Dataset records: Begin
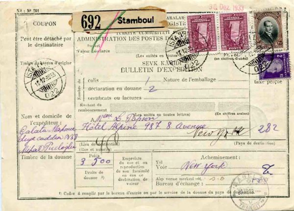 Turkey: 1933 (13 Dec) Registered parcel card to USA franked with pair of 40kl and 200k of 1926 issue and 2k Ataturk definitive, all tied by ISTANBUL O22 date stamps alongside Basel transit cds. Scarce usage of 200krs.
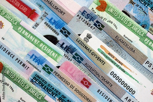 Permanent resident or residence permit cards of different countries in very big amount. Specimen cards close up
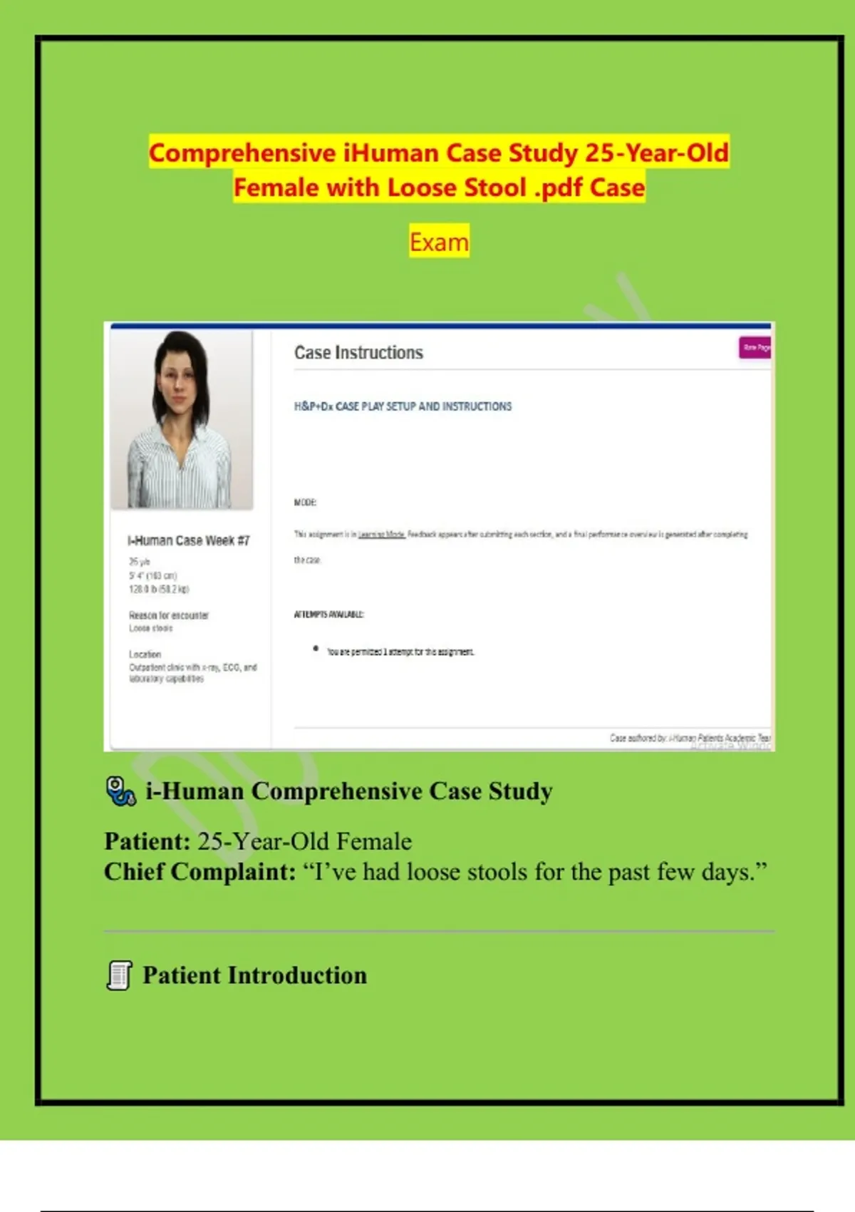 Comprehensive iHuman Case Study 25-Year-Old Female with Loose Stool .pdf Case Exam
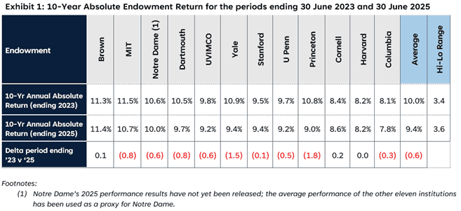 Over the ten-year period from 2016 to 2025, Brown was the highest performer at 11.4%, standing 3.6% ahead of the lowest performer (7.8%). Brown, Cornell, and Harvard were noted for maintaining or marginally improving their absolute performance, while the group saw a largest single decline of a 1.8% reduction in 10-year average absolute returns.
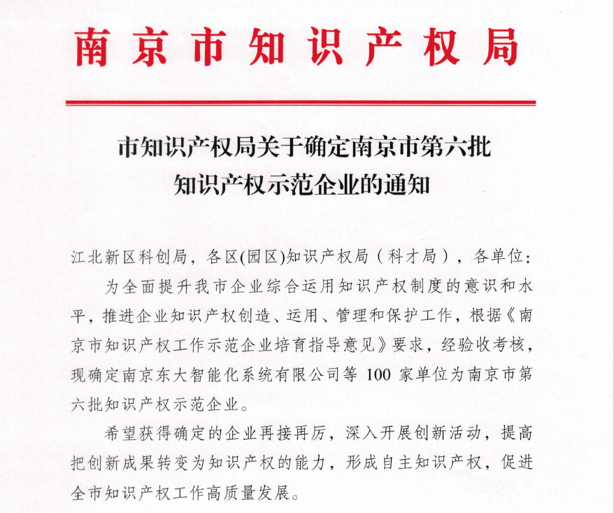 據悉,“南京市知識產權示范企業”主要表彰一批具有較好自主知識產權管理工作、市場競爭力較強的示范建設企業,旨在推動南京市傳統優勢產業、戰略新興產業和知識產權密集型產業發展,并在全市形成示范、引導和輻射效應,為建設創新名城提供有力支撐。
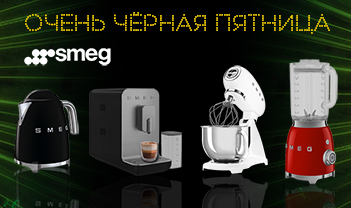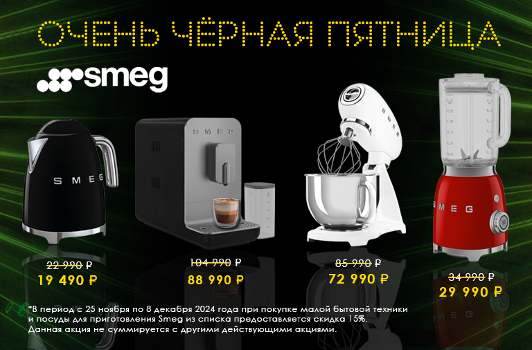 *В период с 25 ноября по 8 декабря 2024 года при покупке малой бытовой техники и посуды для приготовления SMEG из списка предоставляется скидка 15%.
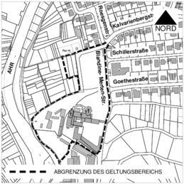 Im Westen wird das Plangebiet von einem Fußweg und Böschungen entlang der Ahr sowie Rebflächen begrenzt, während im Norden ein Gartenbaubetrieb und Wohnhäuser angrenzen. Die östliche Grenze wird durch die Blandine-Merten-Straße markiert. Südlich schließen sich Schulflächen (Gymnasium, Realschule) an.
Dataset records: End
* Problem requirements
Repeat the data exactly, without the pictures.

* Result for this exercise
 Turkey: 1933 (13 Dec) Registered parcel card to USA franked with pair of 40kl and 200k of 1926 issue and 2k Ataturk definitive, all tied by ISTANBUL O22 date stamps alongside Basel transit cds. Scarce usage of 200krs.
 Permanent resident or residence permit cards of different countries in very big amount. Specimen cards close up
 Comprehensive iHuman Case Study 25-Year-Old Female with Loose Stool .pdf Case Exam
 Over the ten-year period from 2016 to 2025, Brown was the highest performer at 11.4%, standing 3.6% ahead of the lowest performer (7.8%). Brown, Cornell, and Harvard were noted for maintaining or marginally improving their absolute performance, while the group saw a largest single decline of a 1.8% reduction in 10-year average absolute returns.
 據悉,“南京市知識產權示范企業”主要表彰一批具有較好自主知識產權管理工作、市場競爭力較強的示范建設企業,旨在推動南京市傳統優勢產業、戰略新興產業和知識產權密集型產業發展,并在全市形成示范、引導和輻射效應,為建設創新名城提供有力支撐。
 *В период с 25 ноября по 8 декабря 2024 года при покупке малой бытовой техники и посуды для приготовления SMEG из списка предоставляется скидка 15%.
 Im Westen wird das Plangebiet von einem Fußweg und Böschungen entlang der Ahr sowie Rebflächen begrenzt, während im Norden ein Gartenbaubetrieb und Wohnhäuser angrenzen. Die östliche Grenze wird durch die Blandine-Merten-Straße markiert. Südlich schließen sich Schulflächen (Gymnasium, Realschule) an.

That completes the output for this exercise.